If Beethoven couldn't hear, how did he write music? In answer to that, Beethoven had heard and played music for the first three decades of his life, so he knew how instruments and voices sounded and how they worked together. His deafness was a slow deterioration, rather than a sudden loss of hearing, so he could always imagine in his mind what his compositions would sound like. Beethoven's housekeepers remembered that, as his hearing got worse, he would sit at the piano, put a pencil in his mouth, touching the other end of it to the soundboard of the instrument, to feel the vibration of the note.

Despite his hearing loss, Beethoven continued to perform, but he ended up wrecking pianos by banging on them so hard in order to hear the notes. After watching Beethoven in a rehearsal in 1814 for the Archduke Trio, the composer Louis Spohr said: "In forte passages the poor deaf man pounded on the keys until the strings jangled, and in piano he played so softly that whole groups of notes were omitted, so that the music was unintelligible unless one could look into the pianoforte part. I was deeply saddened at so hard a fate."

When it came to the premiere of his massive Ninth Symphony, Beethoven insisted on conducting. The orchestra hired another conductor, Michael Umlauf to stand alongside the composer. Umlauf told the performers to follow him and ignore Beethoven's directions. The symphony received rapturous applause which Beethoven could not hear. Legend has it that the young contralto Carolina Unger approached the maestro and turned him around to face the audience, to see the ovation.

After some months of bedridden illness, Beethoven died in 1827. However, his works remain mainstays of the classical music repertoire. Among his legacies is a museum—the Beethoven House, the place of his birth—in central Bonn. The same city has hosted a musical festival, the Beethovenfest, since 1845. The festival was initially irregular but has been organised annually since 2007. The Ira F. Brilliant Center for Beethoven Studies, in the Dr. Martin Luther King Jr. Library, in the campus of San Jose State University, California, serves as a museum, research center, and host of lectures and performances devoted solely to Beethoven's life and works.

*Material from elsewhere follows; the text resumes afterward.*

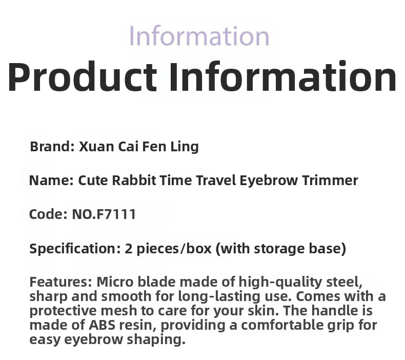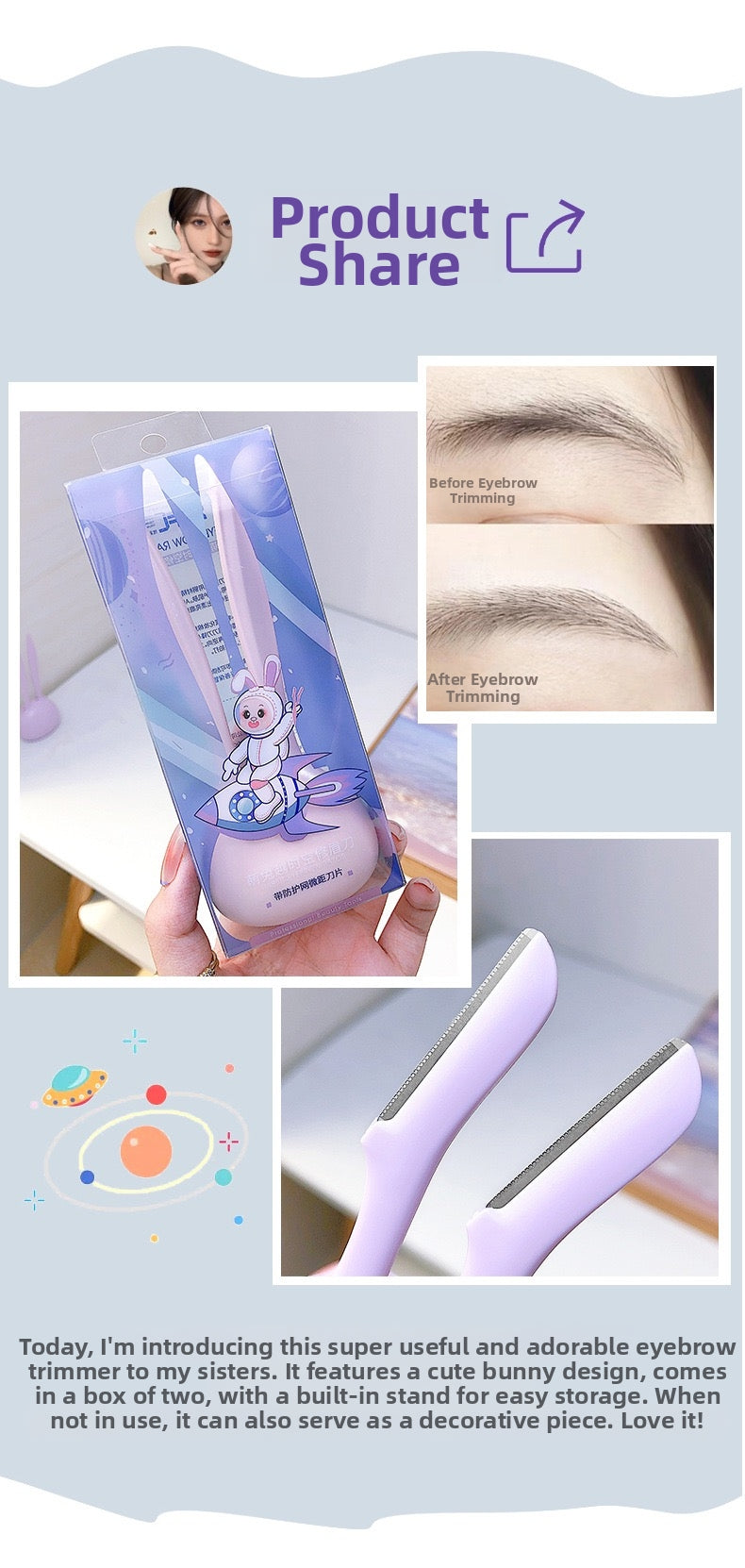Colorful Fenling Cute Rabbit Time-Space Eyebrow Trimmer 2-Pack Beginner Female Safety Mini Eyebrow Razor Beauty Tool

The Beethoven Monument in Bonn was unveiled in August 1845, in honour of the 75th anniversary of his birth. It was the first statue of a composer created in Germany, and the music festival that accompanied the unveiling was the impetus for the very hasty construction of the original Beethovenhalle in Bonn (it was designed and built within less than a month, on the urging of Franz Liszt). Vienna honoured Beethoven with a statue in 1880.

The third-largest crater on Mercury is named in his honour, as is the main-belt asteroid 1815 Beethoven. Beethoven's music features twice on the Voyager Golden Record, a phonograph record containing a broad sample of the images, common sounds, languages, and music of Earth, sent into outer space with the two Voyager probes.